In connection with processing you have in particular the following rights: • the right of access to your personal data and to obtain a copy (Article 15 GDPR); • the right to rectification of inaccurate data and to have incomplete data completed (Article 16 GDPR); • the right to erasure (“right to be forgotten”) where the conditions in Article 17 GDPR are met; • the right to restriction of processing under Article 18 GDPR; • the right to data portability for data processed by automated means on the basis of contract or consent, where technically feasible (Article 20 GDPR); • the right to object to processing based on legitimate interests (Article 21 GDPR); • the right not to be subject to solely automated decision-making, including profiling, with legal or similarly significant effects where Article 22 GDPR applies; • the right to lodge a complaint with a supervisory authority, in particular the Office for Personal Data Protection (Úřad pro ochranu osobních údajů), Pplk. Sochora 27, 170 00 Prague 7, Czech Republic, www.uoou.cz, if you believe processing infringes your rights. Where processing is based on consent, you may withdraw consent at any time; withdrawal does not affect the lawfulness of processing before withdrawal.

Exercising your rights and enquiries

To exercise the rights above, or for questions about this policy or our processing, please contact the controller using the e-mail address on this site’s contact page.
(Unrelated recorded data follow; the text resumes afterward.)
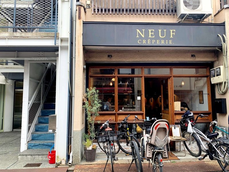 地元の方からも人気の高いCreperie NEUFは、丸太町駅7番出口から南へ下り、夷川通りを東へ徒歩5分ほどのところにあります。お店の前には自転車がずらり。地元の方からも愛されているのがわかります。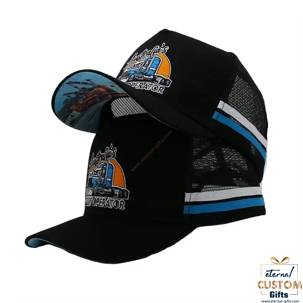 Description #Custom fashion 5 panel mesh trucker hats digital printing
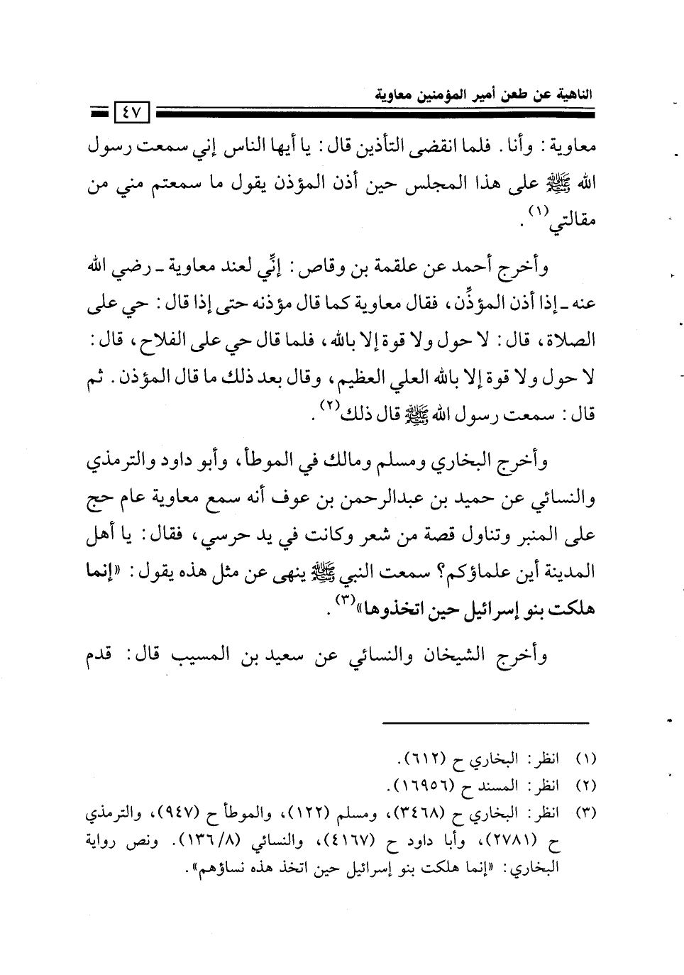 وأخرج أحمد عن علقمة بن أبي وقاص قال: إني لعند معاوية رضي الله عنه إذ أذن المؤذن فقال معاوية كما قال مؤذنه حتى إذا قال: حي على الصلاة قال: «لا حول ولا قوة إلا بالله»، فلما قال: حي على الفلاح، قال: «لا حول ولا قوة إلا بالله العلي العظيم»، وقال بعد ذلك ما قال المؤذن، ثم قال: سمعت رسول الله - صلى الله عليه وسلم - قال ذلك.

We will respond without undue delay and in any event within one month of receipt of the request; in justified cases this period may be extended under Article 12(3) GDPR. We may update this policy from time to time; the current version is always published on this page. We may notify you of material changes where circumstances require it.

This text is provided for general information; you should have it reviewed by a lawyer for your specific situation.